A vast majority of FB aspiration cases occur unwitnessed and remain asymptomatic, leading to delayed diagnosis and sometimes fatal consequences [5]. Treatment plans may differ depending on the FB characteristics, time of ingestion, severity of symptoms, and radiographic findings [2]. However, in cases involving multiple magnets, there is a high risk of interaction between the magnets and complications such as enteroenteric fistulae, bowel perforation, and intestinal necrosis have been reported [6,7].
The present case was unique because of the simultaneous ingestion and aspiration of magnetic beads. In this complex situation, several factors were taken into consideration during treatment planning.
From the anesthetic perspective, intubation was not a good option because the FB was visible just below the vocal cords. The STRIVE Hi technique [3] was used instead, and provided uninterrupted access to the airway while facilitating oxygenation. Furthermore, the LMA was intubated before proceeding to abdominal surgery to prevent exacerbation of the TEF.
Another factor was the shape and location of the FBs. The metallic bead in the proximal trachea made it difficult to use a rigid bronchoscope. Instead, a suspension laryngoscope was used to identify and remove the tracheal FB. Moreover, spherical FBs like magnet beads are challenging to extract. Attempts to grasp the FB may instead push it distally. Dexterous handling of an appropriate instrument is the key to successful retrieval. Based on the unique properties of magnets, metallic instruments were selected; upward forceps were used to swipe the metallic bead distal to the proximal trachea and prevent it from falling backwards during detachment.
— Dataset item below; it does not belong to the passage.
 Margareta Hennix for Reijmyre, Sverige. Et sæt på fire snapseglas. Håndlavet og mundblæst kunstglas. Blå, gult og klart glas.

During retrieval, the magnetic interaction between the FBs in the esophagus and trachea is lost, which may cause the remaining FB to migrate distally. Therefore, the tracheal FB was retrieved first to prevent airway obstruction and acute desaturation. Conversely, a FB remaining in the esophagus is much less of a threat and may be accessed through rigid esophagoscopy or esophagogastroduodenoscopy.
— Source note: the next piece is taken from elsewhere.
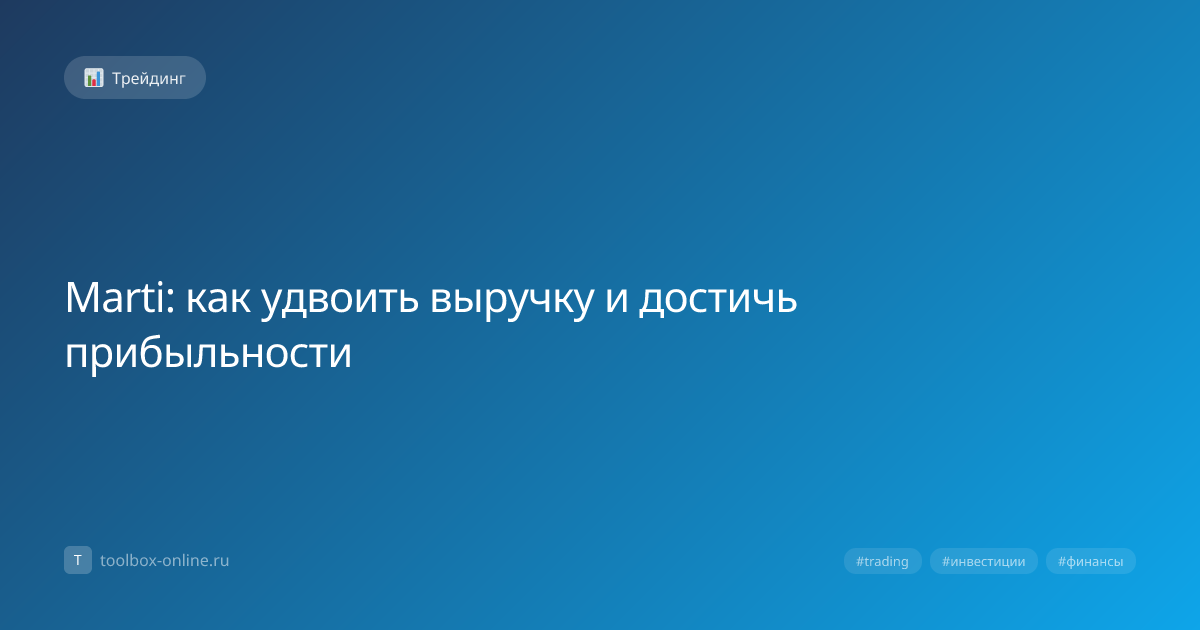 Выручка Marti удвоилась до 2,4 млрд ₽ в 2026 году, а компания уже нацелена на достижение прибыльности выше 15 % к концу года. Это стало возможным благодаря сочетанию масштабных маркетинговых кампаний и технологических новшеств, которые позволили увеличить средний чек клиента до 12 %. Удвоение выручки стало результатом расширения клиентской базы и внедрения новых алгоритмических стратегий в торговлю. За первые шесть месяцев 2026 года количество активных пользователей выросло с 45 000 до 92 000, а средний объём сделок увеличился на 27 %. Прибыльность выросла благодаря оптимизации расходов и повышению маржи на ключевых продуктах. Сокращение операционных затрат на 14 % и автоматизация процессов привели к увеличению чистой прибыли до 360 млн ₽, что составляет 15 % от общей выручки. Следуйте проверенному плану из пяти шагов, адаптировав его под свои условия. Применяя эти рекомендации, вы сможете увеличить выручку и приблизиться к целевой прибыльности. Инструменты Toolbox‑online позволяют быс
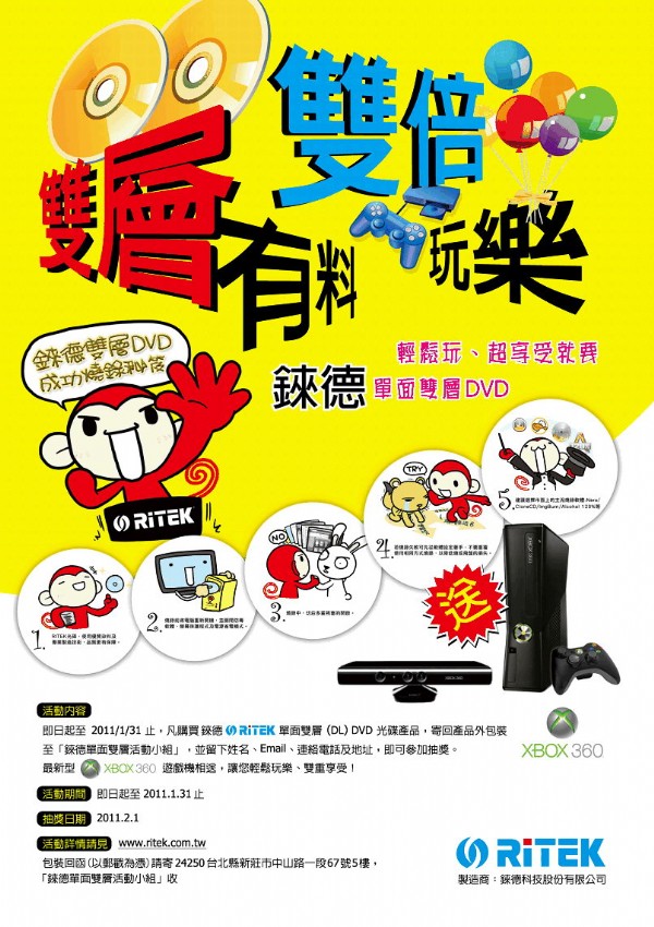 為了慶祝新年、回饋喜愛我們台灣在地品牌,並感恩大家的支持,錸德特別推出RITEK「雙層有料 雙倍玩樂 」活動回饋給大家,贈送時下最流行的X BOX 360和Kinect體感器。賀新年!就要讓您輕鬆玩樂、雙重享受!

Based on the time of ingestion and preoperative radiographic findings, a secondary TEF was suspected, and tracheal resection with end-to-end anastomosis was planned for the worst-case scenario. Fortunately, the TEF was small and completely covered by tracheal granulation tissue; it was thus allowed to heal secondarily. After a week of NPO with Levin tube feeding and intravenous administration of proton pump inhibitors, the fistula resolved spontaneously.
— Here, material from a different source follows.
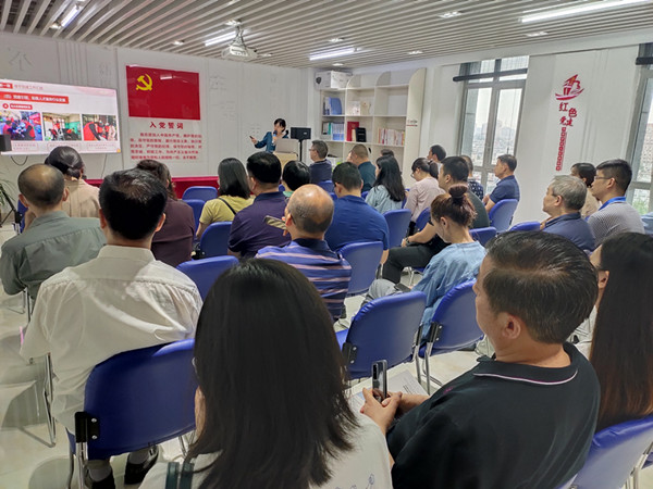 調研中,非公和社會組織黨組織書記們參觀了黨建紅色長廊,“不忘初心、牢記使命”主題教育墻,觀看了“心驛富廣”黨群服務站宣傳短片,聽取了富廣大廈富德生命人壽安徽分公司黨支部的特色黨建工作匯報。“心驛富廣”黨群服務站的工作人員還介紹了黨群服務站自建成以來一年多的黨建工作推進情況、未來面臨的問題和挑戰及下一步工作規劃。之后,大家就黨建工作好的經驗做法、黨組織和黨員發揮作用的途徑及黨建助力經濟發展等突出問題進行交流探討。
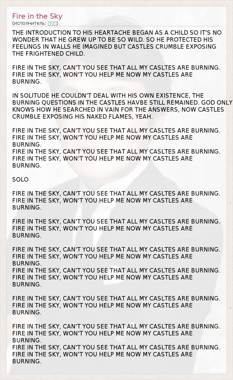 THE INTRODUCTION TO HIS HEARTACHE BEGAN AS A CHILD SO IT'S NO WONDER THAT HE GREW UP TO BE SO WILD. SO HE PROTECTED HIS FEELINGS IN WALLS HE IMAGINED BUT CASTLES CRUMBLE EXPOSING THE FRIGHTENED CHILD. FIRE IN THE SKY, CAN'T YOU SEE THAT ALL MY CASLTES ARE BURNING. FIRE IN THE SKY, WON'T YOU HELP ME NOW MY CASTLES ARE BURNING. IN SOLITUDE HE COULDN'T DEAL WITH HIS OWN EXISTENCE, THE BURNING QUESTIONS IN THE CASTLES HAVBE STILL REMAINED. GOD ONLY KNOWS HOW HE SEARCHED IN VAIN FOR THE ANSWERS, NOW CASTLES CRUMBLE EXPOSING HIS NAKED FLAMES, YEAH. FIRE IN THE SKY, CAN'T YOU SEE THAT ALL MY CASLTES ARE BURNING. FIRE IN THE SKY, WON'T YOU HELP ME NOW MY CASTLES ARE BURNING. FIRE IN THE SKY, CAN'T YOU SEE THAT ALL MY CASLTES ARE BURNING. FIRE IN THE SKY, WON'T YOU HELP ME NOW MY CASTLES ARE BURNING. SOLO FIRE IN THE SKY, CAN'T YOU SEE THAT ALL MY CASLTES ARE BURNING. FIRE IN THE SKY, WON'T YOU HELP ME NOW MY CASTLES ARE BURNING. FIRE IN THE SKY, CAN'T YOU SEE THAT ALL MY CASLTES ARE BURNING. FIRE IN THE SKY, WON'T YOU HELP ME NOW MY CASTLES ARE BURNING. FIRE IN THE SKY, CAN'T YOU SEE THAT ALL MY CASLTES ARE BURNING. FIRE IN THE SKY, WON'T YOU HELP ME NOW MY CASTLES ARE BURNING. FIRE IN THE SKY, CAN'T YOU SEE THAT ALL MY CASLTES ARE BURNING. FIRE IN THE SKY, WON'T YOU HELP ME NOW MY CASTLES ARE BURNING. FIRE IN THE SKY, CAN'T YOU SEE THAT ALL MY CASLTES ARE BURNING. FIRE IN THE SKY, WON'T YOU HELP ME NOW MY CASTLES ARE BURNING. FIRE IN THE SKY, CAN'T YOU SEE THAT ALL MY CASLTES ARE BURNING. FIRE IN THE SKY, WON'T YOU HELP ME NOW MY CASTLES ARE BURNING. FIRE IN THE SKY, CAN'T YOU SEE THAT ALL MY CASLTES ARE BURNING. FIRE IN THE SKY, WON'T YOU HELP ME NOW MY CASTLES ARE BURNING.

Although the present case involved successful removal of multiple magnets, such cases often have poor outcomes. Despite warning labels on magnetic toys, the risk of their misuse by children is often understated. The potential risks associated with metallic toys need nationwide recognition to minimize accidents.
In conclusion, we report a unique case of multiple magnets in the aerodigestive tract. Thorough understanding of the features of magnetic FBs is the key to successful management. With the introduction of mini-magnet home supplies and toys, magnet-related emergencies can no longer be neglected. Parents should be aware of the potential risk, and health care providers should give due importance to the proper management.